From the diet should completely eliminate rough fiber. If you have a lactose deficiency type, it is better to refuse from milk. Be sure to drink plenty of fluids, preferably water.
The patient is assigned to a different vitamin and mineral supplements. Quite often, therapy is used to replace. In this case, the patient should take the drugs, which have in its composition a significant amount of enzymes that aid in the digestive process.
Examples of these drugs are panzinorm, Festal, Mezim-Forte. Doctor prescribes an individual dosage for each drug. Due to this patient's disappear pain attacks, stabiliziruemost chair, normal weight, fecal cease to be visible fats neutral type. To reduce the viscosity of the substances produced by the digestive glands, the patient is administered Acetylcysteine.

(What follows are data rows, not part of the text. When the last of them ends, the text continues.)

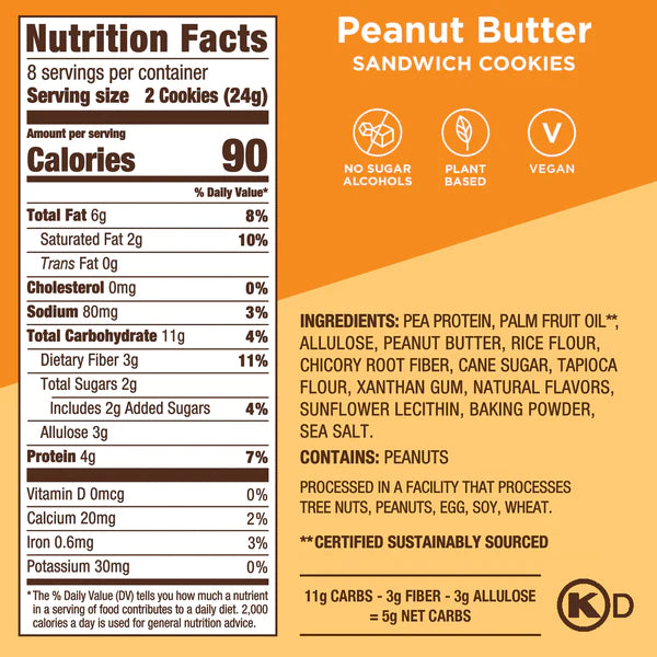 Enjoy the oh-so-comforting flavor of pure PB. Low-Carb & Keto-Friendly Only 1g sugar per cookie 5g Net Carbs Per Serving
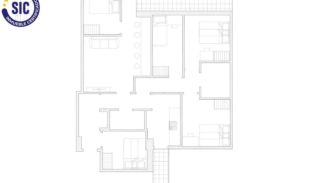 It stands out for its spaciousness and superb layout, ideal for both residential use and investment. The flat features 5 bedrooms, 2 full bathrooms, a bright living room with access to the balcony, an independent kitchen, and a utility room. Its front-facing orientation ensures excellent natural light, creating pleasant and functional spaces.
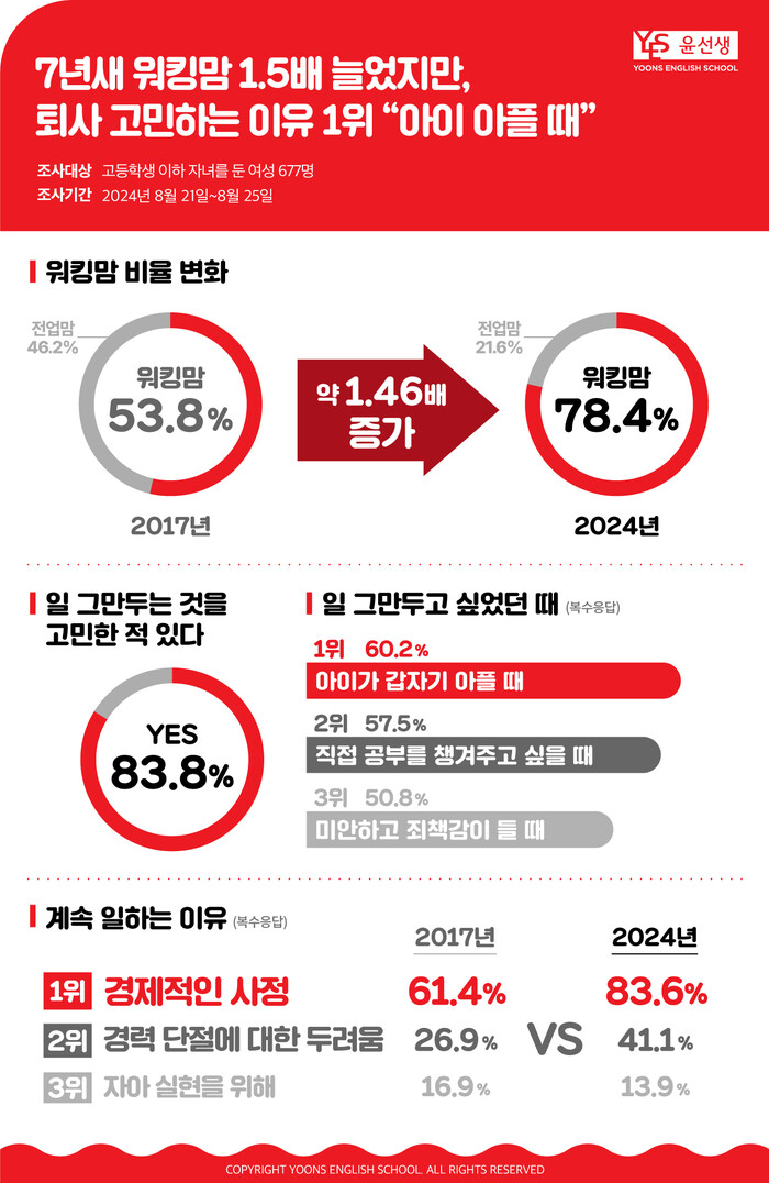 그 결과 현재 일을 하고 있다고 답한 엄마(워킹맘)의 비율이 78.4%를 차지했다. 이는 회사, 자영업(사업), 파트타임 근무를 모두 포함한 수치다. 윤선생이 지난 2017년 고등학생 이하 자녀를 둔 여성 572명을 대상으로 실시한 설문조사에서 워킹맘 비율은 53.8%였다. 7년만에 워킹맘 비율은 24.6%p 늘었고, 이는 약 1.5배 증가한 수치다.

In some cases, intensive therapy. This is necessary when destructive processes in the lungs, hemoptysis and respiratory failure. If there is suspicion for the development of peritonitis, obstruction in the intestine or bleeding in the lungs, it is necessary to conduct a surgical operation.
Children are at the dispensary. It is better not to send them to preschools. As for schools and other institutions, it is decided depending on the condition of the baby. Parents must teach proper child care. Vaccination is carried out individually.
As a conclusion
Cystic fibrosis in children is a dangerous disease that leads to death.
This disease is genetic. As a result of increasing viscosity of the substances that produce cancer, clogged ducts, and organs begingradually refuse.
To completely cure the patient, it is impossible, but now developed techniques that help to improve his condition.